We also found that nicotine replacement increased RVIP-related activity in dorsolateral prefrontal and dorsal anterior cingulate regions but not in the parietal lobule, which is in contrast to Lawrence et al (2002). The dorsolateral prefrontal cortex has a key role in working memory and executive function (Procyk and Goldman-Rakic, 2006), mediated in part through direct anatomical connectivity with the dorsal anterior cingulate and medial thalamus (Behrens et al, 2003; Carter and van Veen, 2007). One potential explanation for the differences between our findings and those of Lawrence et al (2002) may be that sensitivity to the effects of nicotine on this functional network may have been increased in our study because we restricted our analysis to regions where task-related activity was significantly correlated with EEG α power. This explanation is congruent with evidence, suggesting that the thalamus may be the central generator of α waves (Klimesch et al, 2007) or they may arise from dendritic fields of pyramidal cells in the cortex that receive inputs from subcortical relays including the thalamus and caudate (Bollimunta et al, 2008). A second possibility may be that even subtle task differences may elicit different patterns of neural modulation (Hahn et al, 2009). Finally, a third possibility may be that our participants were abstinent for 8 h prior to treatment, whereas most previous functional imaging studies of nicotine's effect on cognition in smokers administered treatment prior to withdrawal onset. However, this latter explanation seems unlikely as one such recent study reported significant nicotine-induced increases in dorsolateral prefrontal cortex activity during performance of an attention task (Hahn et al, 2007).

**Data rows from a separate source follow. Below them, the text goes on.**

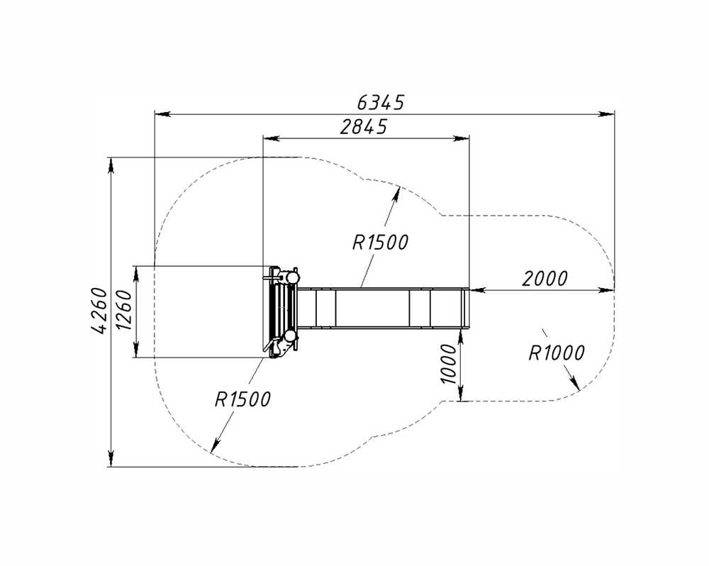| Зона безопасности | 6345 х 4260 мм |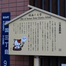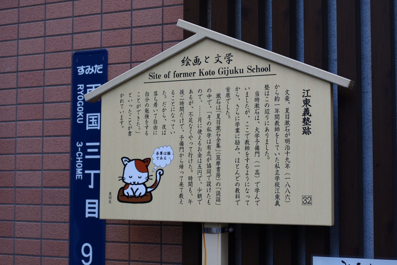 両国本所の吉良邸裏門のあった場所から1ブロック下がった「みきや」と言うお店の脇に江東義塾跡の立て札があります。夏目漱石が一高に在学中の明治19年から約1年間教師をしていた私立学校江東義塾がこの辺りにあったとのこと、夏目漱石がこんな所でバイト?をしていたとは知らず驚きました。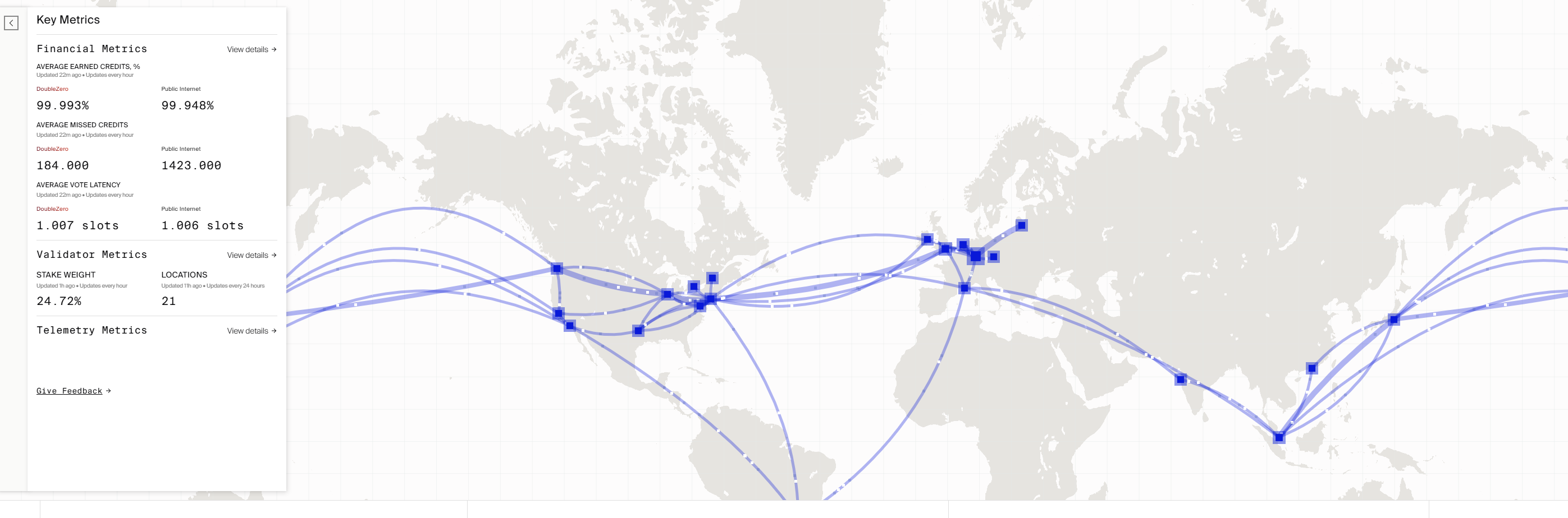 Technical Implementation: Unlike many projects that remain at the white paper stage, DoubleZero has already achieved real physical infrastructure operation. As of October 3, the number of its official public internet nodes has exceeded 1,300, with over 330 participating Solana network validators.

The present findings demonstrate that, relative to placebo, nicotine replacement improves cognitive performance and modulates cognition-related brain activity in deprived smokers, consistent with the results from previous behavioral studies (Atzori et al, 2008). However, the question of whether nicotine enhances cognition or remediates a performance deficit remains a topic of debate, with some studies reporting deleterious effects of nicotine on cognition in healthy, non-smokers (Levin et al, 2006; Mansvelder et al, 2006; Newhouse et al, 2004). Nevertheless, results from several previous functional imaging studies suggest that at least under some conditions (eg, low doses) nicotine administration in healthy, non-smokers may improve cognitive performance and modulate task-related brain activity in a number of the same regions found in the current study, including anterior cingulate and superior frontal cortex (Kumari et al, 2003; Vossel et al, 2007).

In conclusion, our results show that nicotine replacement during short-term smoking withdrawal enhances cognitive task performance and increases related brain activity in regions previously implicated in attention, executive control, and working memory, as well as decreases brain activity in regions of the default network. The close temporal correspondence between the BOLD fMRI and EEG signals across all of these regions lends confidence that these effects reflect the modulation of neuronal activity by nicotine, rather than non-neuronal effects of nicotine on cerebral blood flow or neurovascular coupling. Our findings, therefore, demonstrate that nicotine replacement ameliorates a negative cognitive symptom of smoking withdrawal and modulates brain cognitive networks, in addition to the well-described effects to reduce withdrawal-related nicotine craving (Shiffman et al, 2003).